Simon’s Bookish Bits #2

I think that this might be the last Simon’s Bookish Bits (and its only the third) of 2009 as next Saturday is of course Boxing Day and I will be doing something a little bit festive and Christmas themed. Well I will if the post sorts itself out as I am awaiting some parcels and yet getting some from November instead… interesting. The week after will be all about Bookish Resolutions and of course be 2010, its getting scarily close.

Now as one year starts another one ends. I am planning to give you a full list or two fo my best books of 2009. You can however have a sneak peak of one of my favourites on the Oxford University Press Blog. I was kindly asked by Kirsty, as one of their favourite bloggers, to give a review of one of my favourites along side the delightful company of Vulpes Libris, Dovergreyreader, Kimbofo, Eve’s Alexandria, Random Jottings and Stuck in a Book. Do have a gander it’s a very interesting selection of choices.
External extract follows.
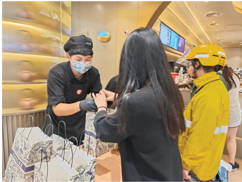
图为消费者和外卖员正在取餐。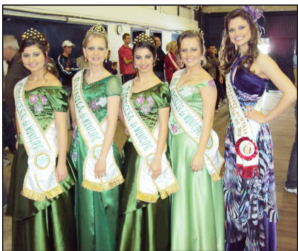
Soberanas de Colinas e Destaque Relações Humanas RS

Speaking of Kirsty she has written on her blog the list of festive reading she will be partaking in over the festive period. I have also seen festive bookish posts from Paperback Reader and the aforementioned Kimbofo and Simon Stuck-in-a-Book too. One blogger who I know you can help decide what to read over the season, as you are so good at advising me, is Novel Insights. She wants you to help her choose her holiday reads though none are festively themed she has some corkers to look forward too. I have finally whittled down my festive fiction maybes and they will be…

   

Peyton Place and Great Expectations aren’t festive reads, but they are two reads I have been desperate to read for the last few months and I like the idea of something salacious and something truly classic. The last two choices are some Christmas murder and mayhem from Agatha Christie and Agatha Raisin. Mind you I say first, they haven’t actually turned up though some lovely books sent in November have which is nice…

  • Precious by Sapphire (which I want to start now)
  • The Passport – Herta Muller
  • Doors Open – Ian Rankin
  • Firmin – Sam Savage (whose name is a bit too like mine)
  • An Equal Stillness – Francesca Kay
  • An Elergy for Easterly – Petina Gappah
  • The Confessions of Edward Day – Valerie Martin
  • The Complaints – Ian Rankin

Looks like I have some more crime to go. In the world of podcasts it’s a little out of date in parts but my podcast of the week is from Faber and Faber. I only found it yesterday and there were so many podcasts they had I wanted to listen to by some of their top authors it was a gem of a find. Pop to their homepage, scroll down and you can download them all. 

Now finally something not bookish at all but I had to share with you all a little bit of pre-Christmas joy that I have bought myself. I have been looking for one of these for absolutely ages to go on my new desk and finally I find one…

That’s right an original 1980’s dial phone… for £2 and its been converted for new phone lines already. I was ecstatic. Right that is me done and dusted for now. So what’s been going on in all of your bookish worlds this week? What books have you loved? What are you reading at the moment? What’s news?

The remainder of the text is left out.